Два актера: Игорь Яцко и Александр Яцко значительны на сцене. Каждый из них сам по себе - произведение искусства. Анатолий Васильев с верным соратником сценографом и архитектором Игорем Поповым и художником Владимиром Ковальчуком эстетизируют человека в пространстве. Любой предмет также становится объектом созерцания. Красный кубок, перекочевавший из "Серсо", - произведение искусства. Лабораторию Сальери - стеклянный сосуд с водой, в который он опускает раскаленное железо, - мы рассматриваем равно с любопытством и - любуясь. В любовании предметом как дорогой вещью, извлекаемой из быта прошлого, присутствует дух ностальгии по утраченной культуре. Архитектурные университеты Попова всегда дают себя знать. Здесь любят объем, а не плоскость. Комната Сальери, Таверна "Золотого льва", музицирование Моцарта - всему этому не нужна обстановка. Своды, арки, любимые Васильевым белые стены создают необходимый эффект западно-европейского города, трактира, дома, кабинета. Предметы здесь любят слегка укрупнять, не засорять мелочами. Сцена дышит, пространство обретает особую почти нереальную чистоту и ясность.

Внезапно спектакль останавливает трагедию Пушкина, и в его пространство впускается музыка В.Мартынова. Лучше самого композитора, слова которого о реквиеме приводятся в программке, не скажешь: "...изначальная цель Missae pro defunctis заключается не в том, чтобы человек культивировал в себе скорбные чувства, естественно возникающие в момент прощания с усопшим, но в молитве о том, чтобы Бог даровал усопшему вечный покой и вечный свет".

Анатолий Васильев молитвой Мартынова очищает пространство, в котором свершается убийство. Действие уступает место действу, драма - мистерии, сцена - храму.

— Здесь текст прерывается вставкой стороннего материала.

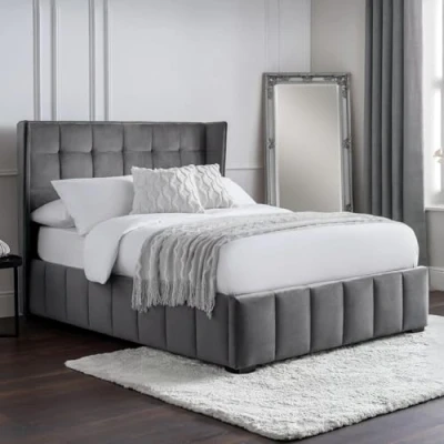 Gatsby Bed by Julian Bowen. Indulge in timeless elegance with the Gatsby Bed, a tribute to refined style and grace. The centerpiece of this exquisite bed is its beautiful winged headboard, adding a touch of sophistication to your bedroom sanctuary. Finished in a sumptuous light grey velvet, the bed exudes luxury, while the detailed headboard introduces adds a modern twist to its classic charm. Elevate your bedroom decor to new heights, where every detail speaks of opulence and enduring allure. Timeless and sophisticated design that enhances any bedroom. Beautiful winged headboard serves as the centerpiece, adding sophistication and a focal point to your sanctuary. Finished in a sumptuous light grey velvet, creating a luxurious and inviting atmosphere. The detailed headboard introduces a modern twist, seamlessly blending contemporary design with timeless allure. 12 month product guarantee. Size Guide Size Height (cm) Width (cm) Depth (cm) Headboard Height (cm) Footend Height (cm) Floor Clearance (cm) Slat Type Distance Between Slats (cm) Leg Height (cm) Leg Width (cm) Double 127.0 157.0 206.0 128.0 40.0 36.0 Sprung 6.5 5.5 11.0 King 127.0 171.0 215.0 128.0 40.0 36.0 Sprung 6.5 5.5 11.0 Product Details Material: Hardwood Frame With Foam And Velvet Upholstery Colour: Light Grey Assembly: Full Assembly Required Slat Type: Sprung Distance Between Slats: 6.5cm For a restful nightÕs sleep, team Gatsby Bed with one of our carefully selected mattresses. As an NBF Retail Champion, Bed Kings only stocks mattresses from trusted, NBF_approved makers, so you can buy with confidence. You can also browse our range of fabric upholstered beds.
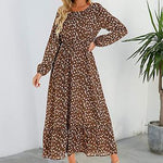Vestido largo de manga larga para mujer con estampado floral y cintura ceñida
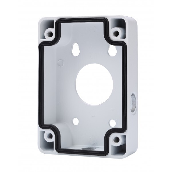 Монтажная водо- и пылезащищённая коробка (junction box) изготовлена из алюминиевого сплава, предназначена для установки камер видеонаблюдения на стены или потолки, обеспечивает аккуратную прокладку кабелей внутри корпуса, рассчитана на нагрузку до 7 кг, рабочий температурный диапазон от -40 °C до +60 °C, относительная влажность менее 90 %, цвет белый.
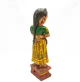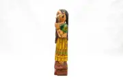 Oude antieke originele houten hand gesneden geschilderd India vrouw beeldje standbeeld
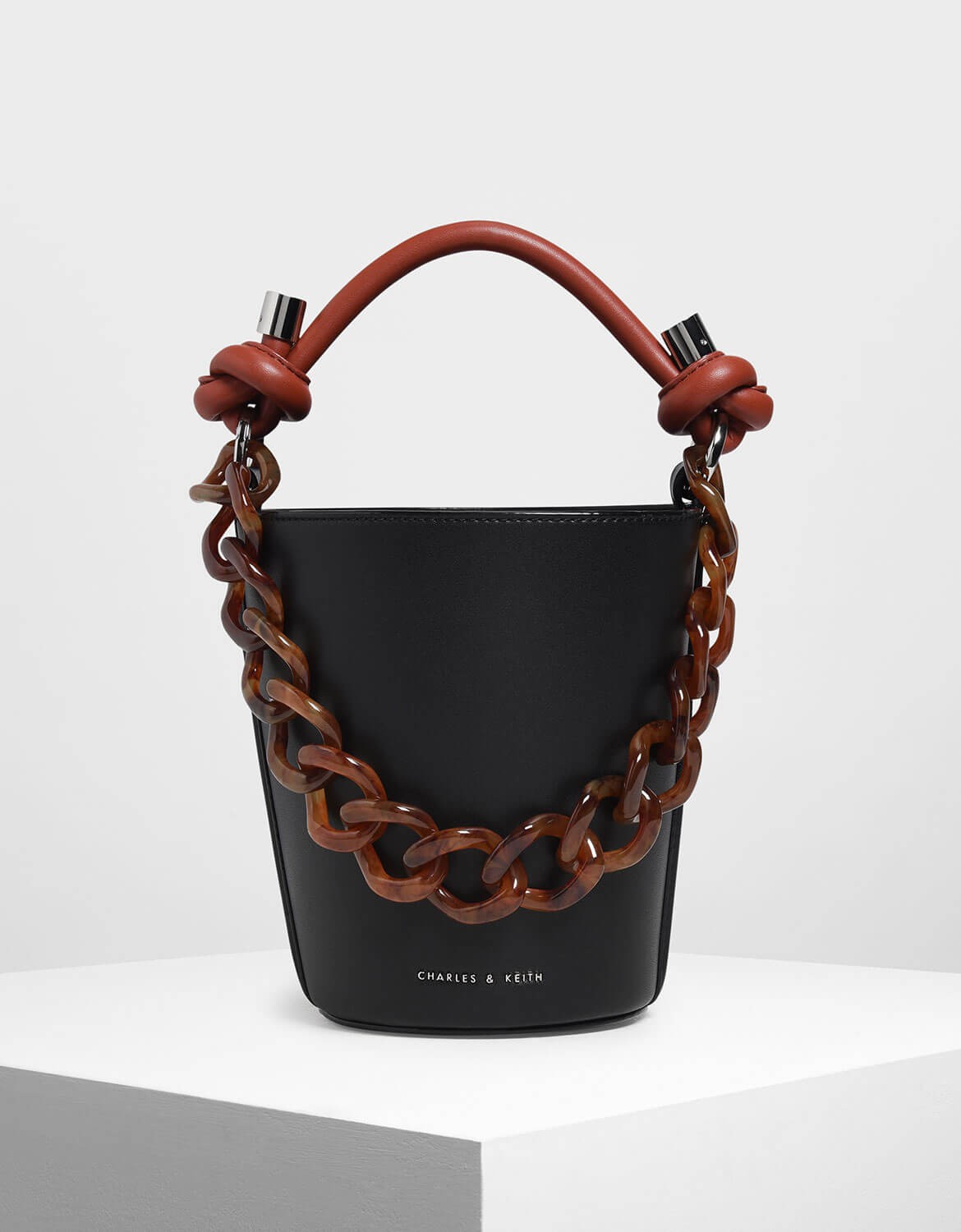 Charles Keith Chunky Chain Handle Bucket Bag Color Dark

Женский хор в праздничном убранстве кажется ожившей фреской раннего Возрождения. Благородная и нежная красота лиц, чистые голоса, просто и безыскусно обращающие свою молитву к небу - все это заставляет поверить в Касталию, поверить и в то, что каждый предстанет в первозданной чистоте перед Всевышним. Наступит благостный покой, и Дух не потревожит черный человек.